Phase 2: Audio Front-End Processing

Adaptation for DJ Booth Environment

Key Differences from Café:
- Noise profile: Music playback, crowd noise, speaker feedback
- Speaking style: Louder, more forceful commands
- Latency requirement: Even tighter (<800ms total)
- Hands-free: Can't press PTT during performance

Pipeline Architecture

python
class DJAudioFrontEnd:
    """Streaming audio processing for DJ commands."""

    def __init__(self):
        self.sample_rate = 16000
        self.chunk_size = 320  # 20ms chunks for ultra-low latency
        self.vad = WebRTCVAD(aggressiveness=3)  # Max sensitivity

        # DJ-specific noise suppression
        self.noise_profiles = {
            'music': self._load_music_profile(),
            'crowd': self._load_crowd_profile(),
            'feedback': self._load_feedback_profile()
        }

    def process_chunk(self, audio_chunk):
        """Process 20ms audio chunk."""
        # 1. Voice activity detection
        is_speech = self.vad.is_speech(audio_chunk)
        if not is_speech:
            return None

        # 2. Noise suppression (spectral subtraction)
        clean_audio = self.suppress_noise(audio_chunk)

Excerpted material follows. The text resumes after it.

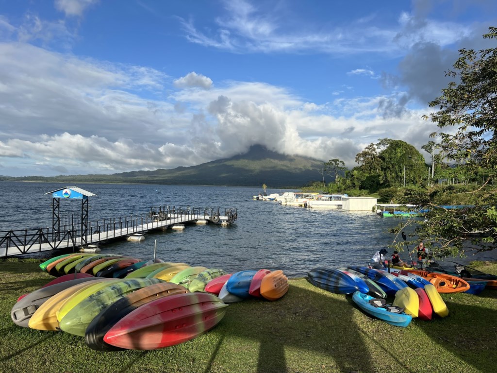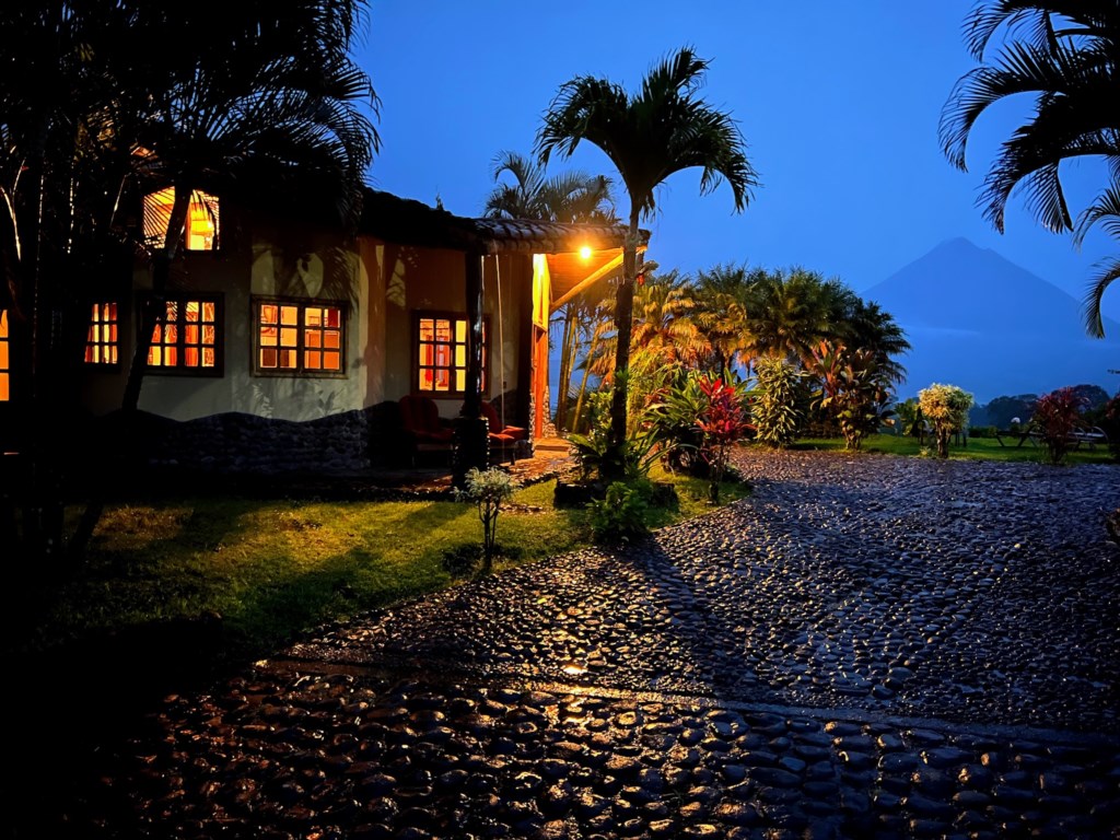 Tucked away in Northern Costa Rica, at the Eastern end of Lake Arenal and between the rainforest and Volcano Arenal, the Pie in the Sky houses rest in the peaceful, little village El Castillo. Very safe and very friendly. With a population of approximately 600, you will see more horses than cars and meet people with a passion for nature. At approximately 2000 feet the weather here is always very pleasant, not too hot, not too cold, sometimes rainy, but always very comfortable. Boasting the best views of the lake and volcano, only minutes from the best tours and natural hot springs, its easy for our guests find a deeper connection with nature and themselves.

        # 3. Log-Mel features
        features = self.extract_logmel(clean_audio)

        return features

    def extract_logmel(self, audio):
        """Extract 80-bin log-Mel features."""
        # 25ms windows, 10ms hop
        mel = librosa.feature.melspectrogram(
            y=audio,
            sr=self.sample_rate,
            n_mels=80,
            n_fft=400,
            hop_length=160
        )
        log_mel = librosa.power_to_db(mel)
        return log_mel

Phase 3: Dual-Encoder Training

Architecture

Audio Tower:

python
class AudioTower(nn.Module):
    def __init__(self):
        # Conv feature extractor
        self.conv = nn.Sequential(
            nn.Conv1d(80, 128, kernel_size=3, stride=2),
            nn.ReLU(),
            nn.Conv1d(128, 256, kernel_size=3, stride=2),
            nn.ReLU(),
        )

        # Transformer encoder
        self.transformer = nn.TransformerEncoder(
            nn.TransformerEncoderLayer(d_model=256, nhead=8),
            num_layers=4
        )

        # Projection to shared space
        self.projection = nn.Linear(256, 512)

    def forward(self, log_mel_features):
        # log_mel_features: [batch, time, 80]
        x = self.conv(log_mel_features.transpose(1, 2))  # [batch, 256, time']
        x = x.transpose(1, 2)  # [batch, time', 256]
        x = self.transformer(x)  # [batch, time', 256]
        x = x.mean(dim=1)  # Temporal pooling → [batch, 256]
        x = self.projection(x)  # [batch, 512]
        return F.normalize(x, dim=-1)  # L2 normalize

Text Tower:

python
class TextTower(nn.Module):
    def __init__(self):
        # Use EmbeddingGemma (frozen or fine-tuned)
        self.embedder = SentenceTransformer("google/embeddinggemma-300m")
        self.projection = nn.Linear(300, 512)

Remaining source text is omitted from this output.